Standard CSV rules apply:
The first row will be interpreted as a header defining the ordering of your columns. This header row is mandatory.
Fields that contain a comma must be surrounded by double-quotes.
Fields that contain double-quotes must also be surrounded by double-quotes, with the internal double-quotes doubled. Example: Chevy "The Man" Chase would be included in the CSV as "Chevy ""The Man"" Chase".
All text should be UTF-8 encoded.
All timestamps are sent and returned in ISO 8601 format. All timestamps default to UTC time zone unless specified.
Batch Mode
If the option to do a "full batch update" is selected in the UI, then this SIS upload is considered to be the new canonical set of data, and data from previous SIS imports that isn't present in this import will be deleted. This can be useful if the source SIS software doesn't have a way to send delete records as part of the import. This deletion is scoped to a single term, which must be specified when uploading the SIS import. Use this option with caution, as it can delete large data sets without any prompting on the individual records. Currently, this affects courses, sections and enrollments.
This option will only affect data that has been involved in a previous SIS job -- either created by a previous import, or referenced by a SIS job after a SIS ID was manually added. Manually created courses with no SIS ID, for example, won't be deleted even if they don't appear in the new SIS import.
During a term batch mode may be used often and if a partial file is sent, many objects can become deleted. Using change_threshold=5
will only delete objects if the number of objects to delete is less than 5% of the objects for the term. For example: If change_threshold set to 5 and the term has 100 courses, and batch_mode would delete more than 5 of the courses the batch will abort before the courses are deleted. The change_threshold can be set to any integer between 1 and 100.
change_threshold also impacts diffing mode.
Multi Term Batch Mode
Multi term batch mode is just like batch mode except against multiple terms. Multi term batch mode is run against all terms included in the same import for the batch. To use multi term batch mode you must also set a change_threshold.
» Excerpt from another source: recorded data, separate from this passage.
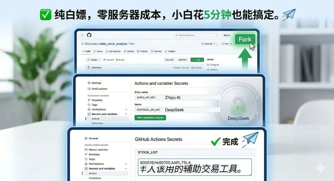 完全不需要!这也是这个项目最打动我的一点:纯白嫖,零服务器成本,花 5 分钟也能搞定。它巧妙地利用了 GitHub 自带的自动化工具(Actions)提供免费算力。你只需要跟着我做这简单的三步,就能立刻拥有这个 24 小时为你待命的 AI 投资助理:
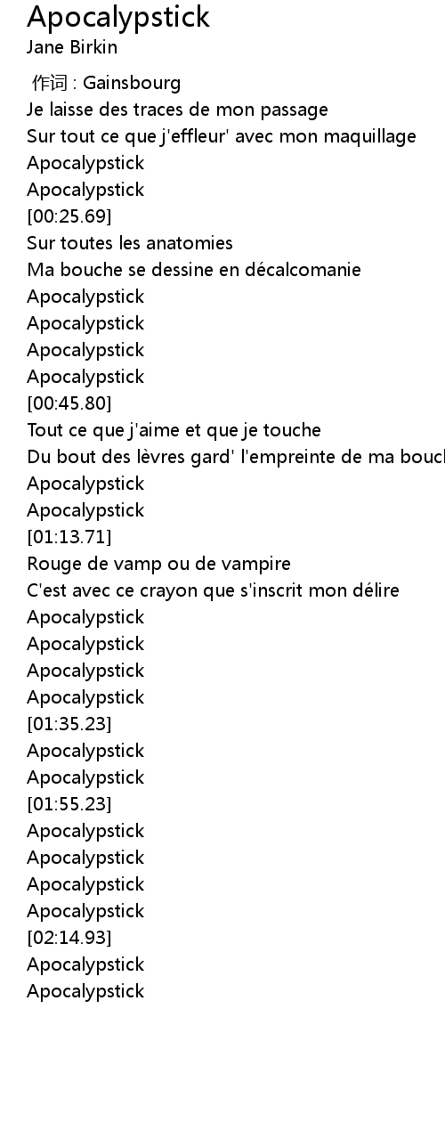 | [00:43.80] | Apocalypstick |
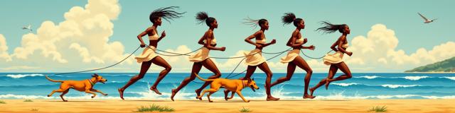 НАРИСУЙ КАРТИНУ В СТИЛЕ Jack Vettriano .Сложные вытянутые геометрические формы, модерн, фигуры в стиле КАРТИН Jeremy Mann В СОЛНЕЧНЫЙ ДЕНЬ ТРИ АФРИКАНСКИЕ ЖЕНЩИНЫ В ПРОФИЛЬ В НАБЕДРЕННЫХ КОРОТКИХ МИНИ ПОВЯЗКАХ С НИМИ СОБАКА . ДВЕ ЖЕНЩИНЫ БЕГУТ РЯДОМ, ОДНА ЧУТЬ ПОЗАДИ СТРЕМИТЕЛЬНО БЕГУТ ВДОЛЬ АТЛАНТЧЕСКОГО ОКЕАНА НА БЕРЕГУ ПАЛЬМЫ
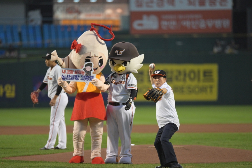 [ÃæÃ»ÇÖÀ̽´] ¹é¼ºÇö ³í»ê½ÃÀåÀÌ 19ÀÏ ´ëÀü ÇÑÈ­»ý¸íÀ̱۽ºÆÄÅ©¿¡¼­ ¿­¸° ¡®2023 KBO¸®±×¡¯ ÇÑÈ­À̱۽º ´ë SSG·£´õ½º °æ±âÀÇ ½Ã±¸ÀÚ·Î ³ª¼¹´Ù.

If you intend to remove all items with multi term batch mode, you can set the change_threshold to 100.
Diffing Mode
If your account has a SIS integration that is sending its entire data set on each import, rather than just sending what has changed, you can speed up the import process by enabling diffing mode. In diffing mode, a preprocessing step in Canvas will compare the current SIS import against the last successful SIS import with the same data set identifier, and only apply the difference between the two imports.
For instance, If user A is created by import 1, and then the name is changed for user A on import 2, Canvas will apply the new information for user A.
If user B is created by import 1, and then user B is omitted from import 2, Canvas will mark the user as deleted.
If user C is created by import 1, and the exact same information is specified for user C in import 2, Canvas will mark that nothing has changed for that CSV row and skip looking up user C entirely. This can greatly speed up SIS imports with thousands of rows that change rarely.
It is important to note that if any SIS data was changed outside of that previous CSV import, the changes will not be noticed by the diffing code. For example:
Import 1 sets user A state to "active".
An admin sets user A state to "deleted" either through the Canvas UI, or a non-diff SIS import.
Import 2 sets user A state to "active" again, and is configured to diff against Import 1.
Because only the difference between Import 1 and Import 2 is applied, and the user's state is "active" in both CSVs, the user remains deleted.
Diffing mode is enabled by passing the diffing_data_set_identifier
option in the "Import SIS Data" API call. This is a unique, non-changing string identifier for the series of SIS imports that will be diffed against one another. The string can contain any valid UTF-8, and be up to 128 bytes in length. If an account has multiple SIS integrations that want to take advantage of diffing, each integration can select a unique data set identifier to avoid interfering with each other.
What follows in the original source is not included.